Nail Changes in People Living with Human Immunodeficiency Virus: Observational and Cross-Sectional Study in a Third-Level Hospital

Luis R Flores-Bozo a, Silvia Méndez-Flores a, Valeria Olvera-Rodríguez a, Josune Echevarría-Keel a, Lilly Esquivel-Pedraza a, Andrea Rangel-Cordero b, Pablo F Belaunzarán-Zamudio b, Judith G Domínguez-Cherit a,*
PMCID: PMC9485993  PMID: 36161090

Abstract

Introduction

Nail changes in people living with human immunodeficiency virus (HIV) have been scarcely reported. The aim of this study was to establish the frequency and characteristics of nail alterations observed in adults with HIV infection in a third-level hospital in Mexico.

Method

Observational and cross-sectional study carried out in 205 patients receiving care at the HIV/AIDS Clinic of the Instituto Nacional de Ciencias Médicas y Nutrición Salvador Zubirán (INCMNSZ) in Mexico City. We performed a nail and iconographic assessment of both hands and toenails. We collected information of demographic and clinical variables, as well as drugs use, and antiretroviral treatment used by the participants through a questionnaire and from medical records. We performed direct cytological examinations and nail mycological cultures in participants with symptoms of onychomycosis.

Results

The participants were predominantly male patients (91.2%), with a mean age of 41 (range 21–78) years, under antiretroviral therapy (91.2%), with a suppressed viral load (78.5%) and mean CD4+ lymphocyte count of 379.5 (range 20–1,162) cells/μL. Fitzpatrick's IV phototype was prevailing in the studied population (70%). Nail changes were documented in 72.2% of the patients; being pigmentary changes (37.1%) and trauma (30.7%) the most frequent. Onychomycosis was observed in 26.3%; with total dystrophic onychomycosis as the most frequent clinical variant (68.5%). We obtained fungal isolates in 59.3% of participants and Candida parapsilosis was the most frequent of these (37.5%).

Conclusions

We observed a high prevalence of nail changes with very diverse etiology, as well as a variety of nondermatophytic yeasts and molds isolates associated with cases with onychomycosis. These findings reinforce and confirm the need for routine nail examination and stress the importance of medical personnel working with people living with HIV to have broad knowledge of nail pathology.

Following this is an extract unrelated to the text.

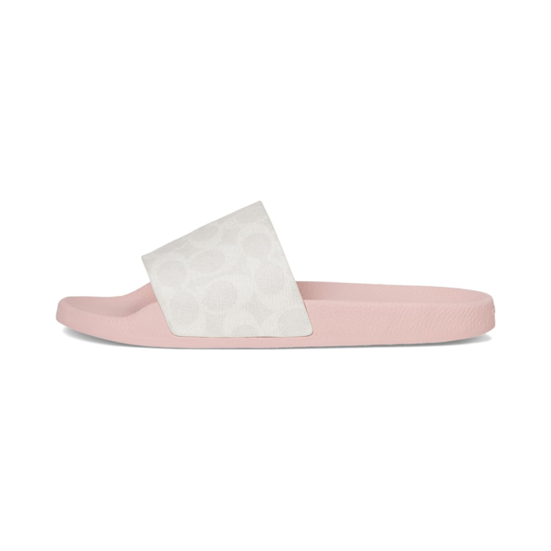 Wherever youre heading this summer, the COACH Udele Slide is ready to come with! The slip-on sandal is constructed from a textured leather upper with a signature C print throughout.

Keywords: Nail, Nail disorder, Human immunodeficiency virus, Onychomycosis, Nail fungus

Introduction

There are several mucocutaneous changes or specific skin diseases associated with human immunodeficiency virus (HIV) infection [1]. The study of the nail in people living with HIV has aroused a keen interest in recent years. Nail changes have been described in up to 67% of people with HIV [1]. Paradoxically, combined antiretroviral therapy (cART) has significantly increased the incidence of some infectious and noninfectious nail conditions. Longitudinal melanonychia, leukonychia, transverse lines, onychoschizia, and clubbing are the most common reported alterations [2, 3].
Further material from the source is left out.